– Ну, видно, с ней добром не сделаешься, – прервал Петр I, в котором мы узнали лекаря, – подержи ее за голову и руки, и мы справимся.
Камердинер спешил выполнить волю государя с необыкновенным усердием и ловкостию.
– Говори же, баба, который зуб у тебя болит? – продолжал государь, разевая ей силою рот.
– Ваше царское величество… ваше пре… восходительство… помилосердуйте… у меня зубки все здоровехоньки… я изволила вам докладывать…
– Не дурачься, баба! а то, знаешь меня?
– Воля ваша, рвите, какой благоугодно! – отвечала полумертвая от испуга женщина. (У нее в самом деле не болели зубы. Муж ее, государев камердинер Полубояров, желая отметить ей за некоторые проказы и зная, что Петр I большой охотник делать хирургические операции, просил его вырвать у ней будто бы больной зуб. Впоследствии, когда открылась истина, Полубоярову за эту шутку порядочно досталось.)

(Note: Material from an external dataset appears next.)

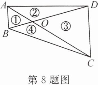 8. 如图,四边形$ABCD$的对角线$AC$,$BD$相交于点$O$,且将这个四边形分成①②③④四个三角形. 若$OA:OC = OB:OD$,则下列结论中一定正确的是(

– А, а! вижу сам! вот этот! – сказал Петр с удовольствием, ярко отливавшимся на его лице, и выдернул мастерски зуб, который казался ему поврежденным более других.
После этой операции женщину отпустили в сопровождении услужливой ее половины, утешавшей ее с красноречием искренней любви. В это время государь, вытирая свои инструменты и укладывая их в футляр, заметил Густава и ласково произнес:
– A, min Herr, Траутфеттер, добро пожаловать.
Выслушав просьбу Густава и обласкав его, он обратил речь на смерть его дяди.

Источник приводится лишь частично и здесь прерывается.